At 115 days’ gestation, chronically catheterized pregnant ewes (53.5-64.4 kg) were randomly selected to receive one of the following: (1) a single maternal IV infusion of erythromycin lactobionate (5 mg/kg maternal weight; n = 5) over 60 minutes in 100 mL of saline; (2) single maternal IV infusion of azithromycin (5 mg/kg maternal weight, n = 5); (3) a single maternal IM injection of erythromycin lactobionate (5 mg/kg maternal weight, n = 5) (note: an IM azithromycin administration arm was not incorporated because clinically this antibiotic is not given IM); or a single IA injection of (4) erythromycin lactobionate or (5) azithromycin (3.2 mg/kg estimated fetal weight, n = 5).
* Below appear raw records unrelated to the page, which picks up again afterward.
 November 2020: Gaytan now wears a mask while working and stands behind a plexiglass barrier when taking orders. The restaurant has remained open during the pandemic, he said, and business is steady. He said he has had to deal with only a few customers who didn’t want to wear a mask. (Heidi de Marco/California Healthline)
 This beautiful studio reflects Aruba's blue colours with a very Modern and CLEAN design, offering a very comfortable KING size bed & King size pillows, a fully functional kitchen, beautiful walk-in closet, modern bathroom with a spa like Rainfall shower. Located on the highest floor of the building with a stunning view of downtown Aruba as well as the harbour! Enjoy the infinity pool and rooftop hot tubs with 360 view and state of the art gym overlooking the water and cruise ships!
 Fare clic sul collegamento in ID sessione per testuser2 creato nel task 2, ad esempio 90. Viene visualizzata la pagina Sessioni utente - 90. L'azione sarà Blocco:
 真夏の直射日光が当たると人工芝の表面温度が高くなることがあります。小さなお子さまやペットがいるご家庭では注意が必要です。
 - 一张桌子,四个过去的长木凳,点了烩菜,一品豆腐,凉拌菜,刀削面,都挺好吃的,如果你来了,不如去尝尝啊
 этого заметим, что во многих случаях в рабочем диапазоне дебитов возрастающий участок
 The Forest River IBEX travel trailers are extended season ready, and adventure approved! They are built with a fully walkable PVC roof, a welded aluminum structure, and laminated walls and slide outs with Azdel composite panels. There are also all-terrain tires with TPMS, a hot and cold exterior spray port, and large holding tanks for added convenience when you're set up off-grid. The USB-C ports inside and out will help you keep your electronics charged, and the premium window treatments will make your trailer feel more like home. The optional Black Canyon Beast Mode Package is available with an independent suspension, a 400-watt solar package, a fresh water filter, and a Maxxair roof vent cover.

At this gestational age, fetal weight was estimated to be 2.4 kg and amniotic fluid volume 250 mL. Maternal (5 mL) and fetal (2 mL) arterial blood and amniotic fluid (2 mL) samples were collected into heparinized tubes 15 minutes before and immediately prior to the administration of the macrolide antibiotics as described in the preceding text; after the infusion/injections, samples were taken at 1, 2, 4, 8, 12, 24, and 48 hours. Arterial PO 2 (PaO 2 ), PCO 2 (PaCO 2 ), O 2 saturation (SaO 2 ), pH (pHa), and electrolytes were measured with a RapidLab 1265 blood gas analyzer (Siemens, Munich, Germany). Fetal and maternal plasma and amniotic fluid samples were collected and stored at −80°C prior to quantification of the macrolide antibiotic concentrations.
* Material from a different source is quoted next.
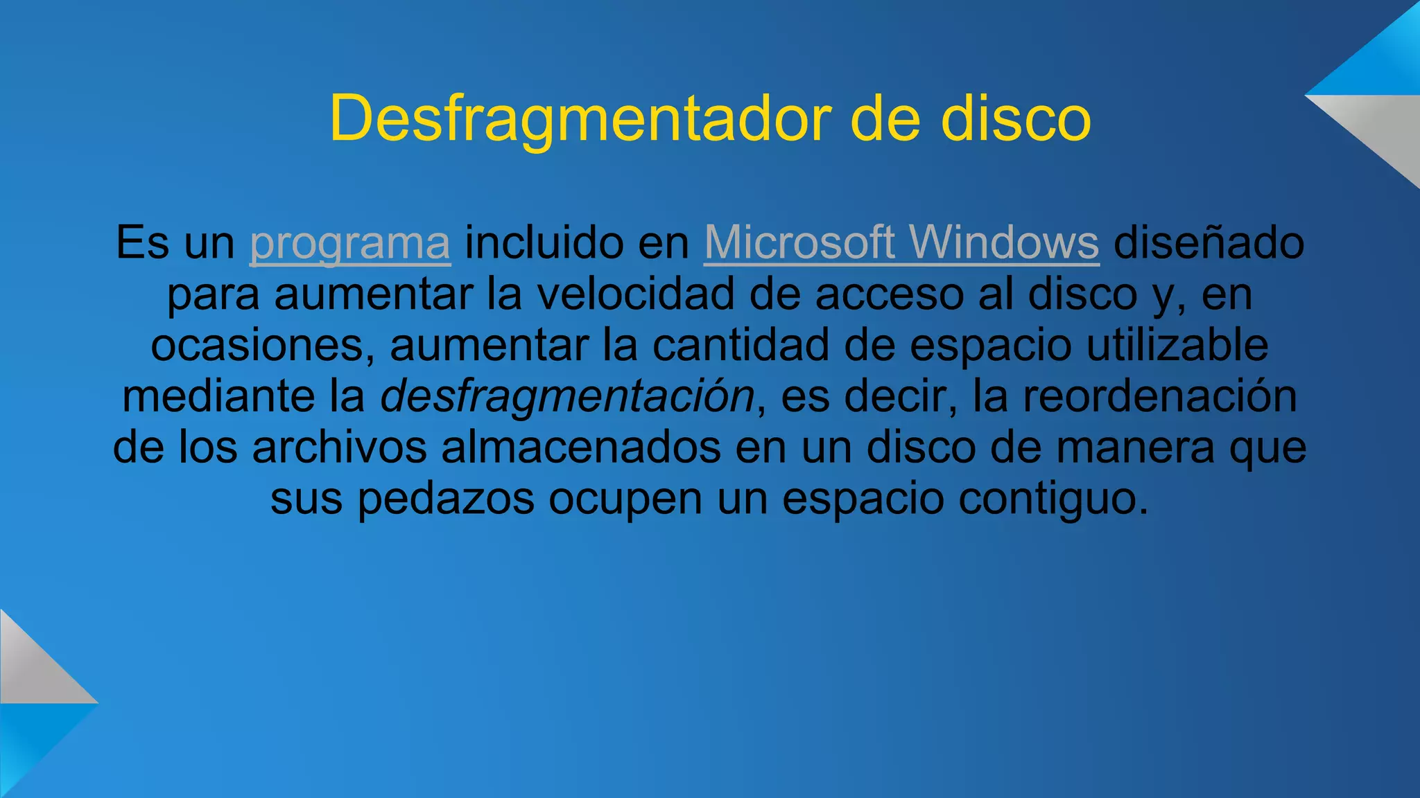Un desfragmentador de disco es un programa que reorganiza los archivos almacenados en un disco para que ocupen un espacio contiguo, lo que minimiza el tiempo de movimiento de los cabezales del disco y aumenta la velocidad de transferencia. Esto mejora el rendimiento general del sistema al hacer que los archivos sean más fáciles y rápidos de encontrar. La desfragmentación también puede liberar espacio adicional eliminando los espacios vacíos fragmentados en el disco.

Sample extraction and analysis


Calibration standards, consisting of a series of 5 10-fold serial dilutions of erythromycin and azithromycin antibiotics (4000 to 0.04 ng/mL), ovine plasma/amniotic fluid samples, and quality controls (all 0.1 mL) were extracted with 300 μL methanol by vortexing for 30 seconds and mixing on an orbital shaker for 10 minutes after addition of internal standard (0.5 ng roxithromycin). Quality control samples (200 ng/mL in plasma or amniotic fluid) were run with each assay batch.
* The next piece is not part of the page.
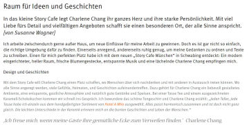 Unser Story Cafe München steht für die Nachbarschaft und dient als Ort für kulturelle Veranstaltungen. Gesunde Speisen und Getränke, eine freundliche Atmosphäre, ein liebevoll eingerichteter Gastraum, sowie die Diversität der kulturellen Events sind unsere Basis. Unsere Motivation: Begeisterung für engagiertes Denken und Liebe zu kulinarischen und kulturellen Genüssen!
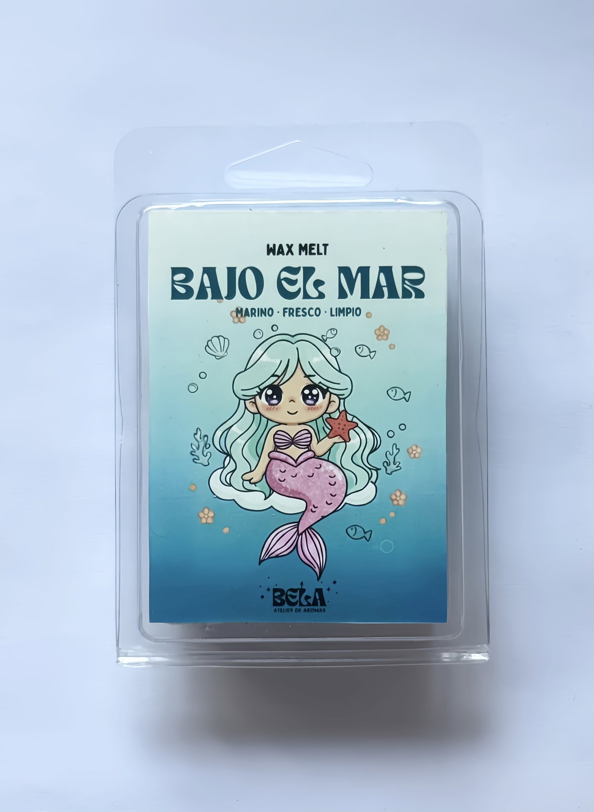 Nuestro wax melt Bajo el Mar evoca la frescura del océano y la sensación de brisa marina en la piel. Un aroma limpio, acuático y revitalizante, inspirado en el sonido de las olas, el aire salino y la calma infinita del mar.

After centrifugation (3200 × g , 20 minutes), extracts were transferred to glass tubes and dried with gentle heating (30°C) under nitrogen. Dried extracts were resuspended in 100 μL methanol and filtered through 0.22 μm cellulose acetate centrifuge tube filters (Corning Inc, Corning, NY); 0.5 μL was injected into an Agilent 1200-series capillary liquid chromatography system coupled to an Agilent 6340 Ion Trap mass spectrometer (Agilent Technologies, Palo Alto, CA). Methanol blanks were injected after every 11 sample injections. Separation was achieved using reverse-phase chromatography on a 3.5 μm Agilent Eclipse XDB-C18 column (2.1 × 150 mm); a gradient of 0-75% acetonitrile in 0.1% formic acid over 7 minutes was employed, followed by a 1 minute recovery wash at 100 % acetonitrile.


Macrolide MRM transitions were monitored in positive mode as follows: azithromycin (748.9-591.0), erythromycin (733.9-576.6), and roxithromycin (837.0-679.0); elution times were 2.9, 5.1, and 5.9 minutes, respectively. All mass to charge ratio peaks were manually integrated using 6300 Series Ion Trap liquid chromatography and mass spectrometry software 6.1.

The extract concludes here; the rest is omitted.